━━━━━ Entries shown ━━━━━

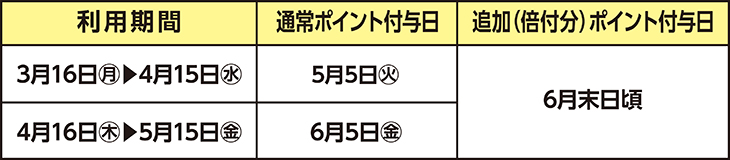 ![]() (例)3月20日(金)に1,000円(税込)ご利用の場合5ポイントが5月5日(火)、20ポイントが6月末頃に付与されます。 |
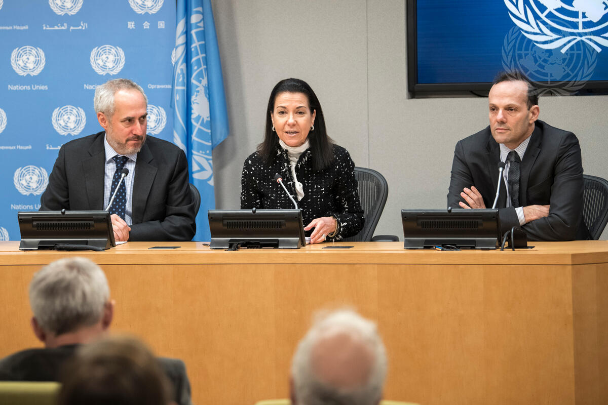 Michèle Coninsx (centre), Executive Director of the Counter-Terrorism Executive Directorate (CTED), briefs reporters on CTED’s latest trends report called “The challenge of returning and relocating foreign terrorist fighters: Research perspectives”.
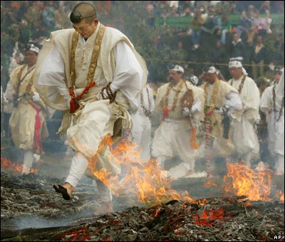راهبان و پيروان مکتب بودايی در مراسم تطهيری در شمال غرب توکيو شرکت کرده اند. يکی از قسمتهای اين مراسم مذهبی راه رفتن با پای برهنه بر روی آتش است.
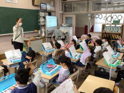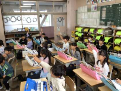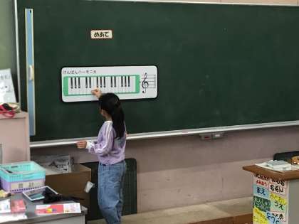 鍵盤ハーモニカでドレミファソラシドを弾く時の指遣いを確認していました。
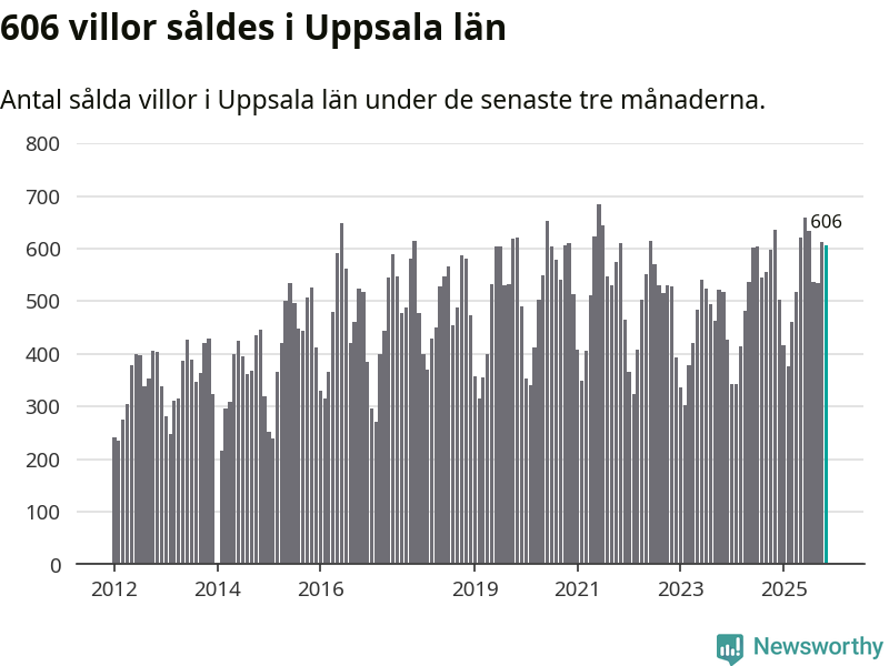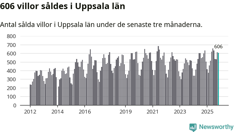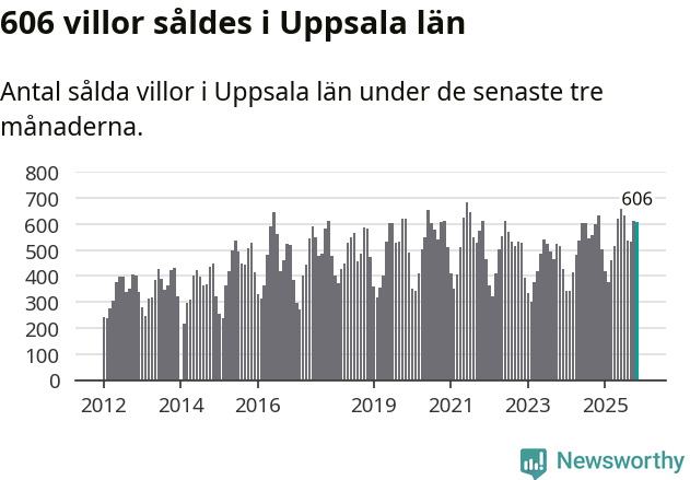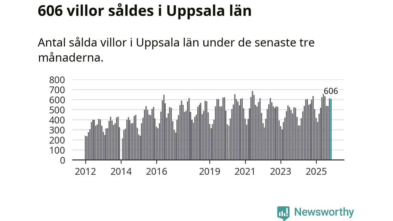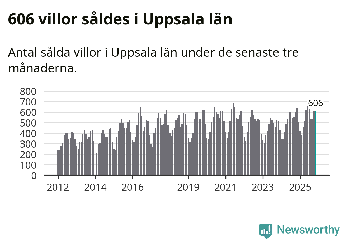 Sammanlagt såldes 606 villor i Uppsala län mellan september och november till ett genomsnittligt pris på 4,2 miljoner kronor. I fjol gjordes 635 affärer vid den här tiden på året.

━━━━━

Work to complete
Nothing but the lines from the line containing "鍵盤ハーモニカでドレミファソラシドを弾く時の指遣いを確認していました。" through the last line of the records above is to be extracted, exactly and with no pictures.

The completed task
 鍵盤ハーモニカでドレミファソラシドを弾く時の指遣いを確認していました。
 Sammanlagt såldes 606 villor i Uppsala län mellan september och november till ett genomsnittligt pris på 4,2 miljoner kronor. I fjol gjordes 635 affärer vid den här tiden på året.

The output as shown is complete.